Sintering is a process by which a powder compact, or ‘green-body’, is transformed into a dense ceramic article which offers the desired characteristics and material properties. The process can enhance the materials mechanical and high-temperature properties, as well as the electrical conductivity, translucency, or thermal conductivity.
Effectively, sintering is the removal of pores between the powder particles, which is possible when heat energy is applied to the compact.
When a compact is sintered, it is heated to below its melting point, this is why materials with extremely high melting points are often sintered. At high temperatures, the fine ceramic powders undergo various changes, from grain growth to particle rearrangement before the pores are finally eliminated.
Solid-state sintering is often used for ceramics such as zirconia and alumina, and this process is where the materials are transported by diffusion. Liquid-phase sintering is used for ceramics that are more difficult to densify, such as silicon nitride and silicon carbide. In liquid-phase sintering, small volumes of additives in the composition form a liquid at the sintering temperature, where the primary powder particles rearrange due to capillary forces.

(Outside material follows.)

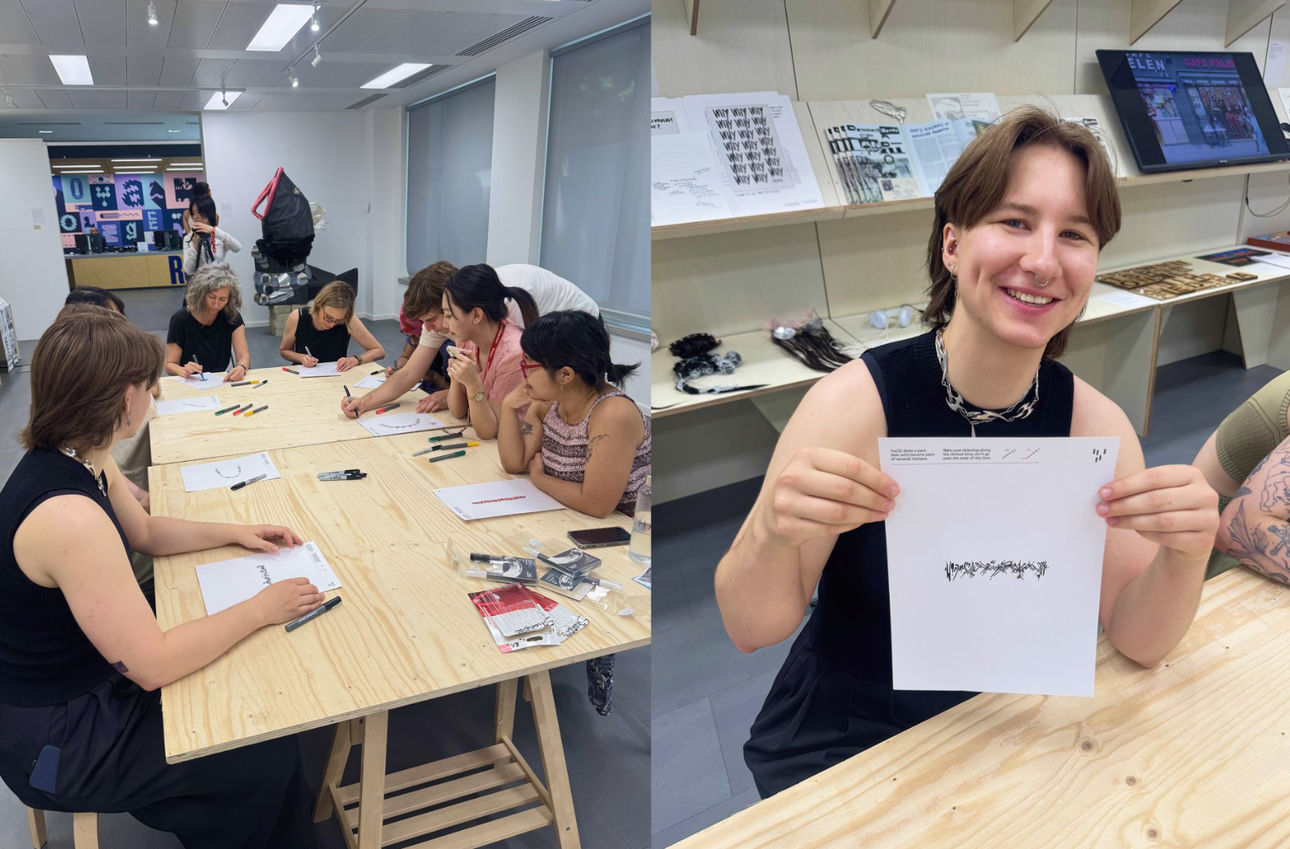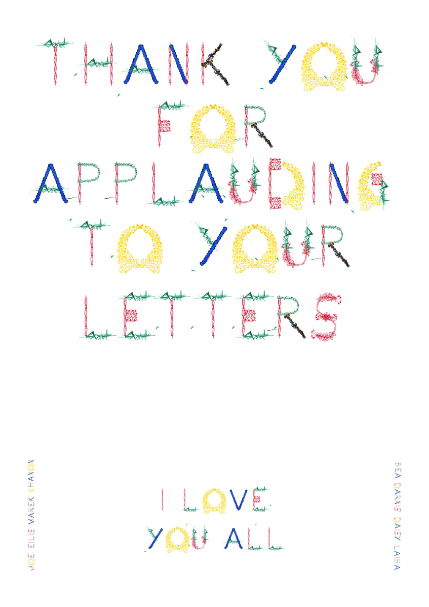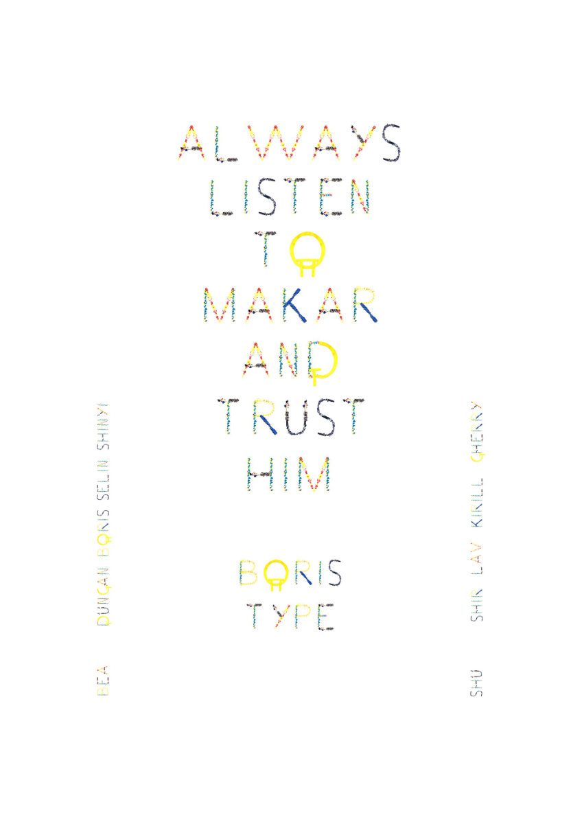 Collaborative Typeface is a workshop where participants draw shapes together, scan them and combine them in a typeface, later making a poster with the resulting font. Its aim is to explore building a common voice and human connection through co-creation and collaborative making.

Once the particles have rearranged, at the points of contact between some of the particles start to dissolve in the liquid and are re-precipitated at the neck areas between the particles. The pores are then removed and the ceramic compact reaches the full density.
Advance ceramics generally shrink by 20-25% during sintering, and a good, uniform green density during the forming stage is important for controlled, uniform shrinkage.
There are many different sintering techniques available that are suitable for the specific type of ceramic being sintered. For example, porcelain can be sintered in a relatively simple and low-cost kiln, however, advanced technical non-oxide ceramics usually require very precisely controlled high-temperature sintering in a stabilising atmosphere.
Pressure Sintering SiAlON
Conventionally, silicon nitride or SiAlON ceramics are pressureless sintered using a vacuum furnace. Pressureless sintering is an effective, low-cost form of sintering where a slight partial pressure of nitrogen is applied to the furnace to stabilise the ceramic during sintering at high temperature. This method is typically used to avoid any density variations in the final ceramic.
International Syalons now have the capability to perform high-pressure sintering. This is advantageous when sintering advanced silicon nitride ceramics because at the very high temperatures required to sinter low additive compositions N2 will volatilise unless a high-pressure atmosphere is applied.
High-pressure sintering allows specialised compositions of advanced ceramic using new, exotic materials to be designed and sintered to full density. Properties which can be achieved by modifying the composition include increased flexural strength, thermal conductivity, fracture toughness, wear resistance, and electrical and dielectric properties.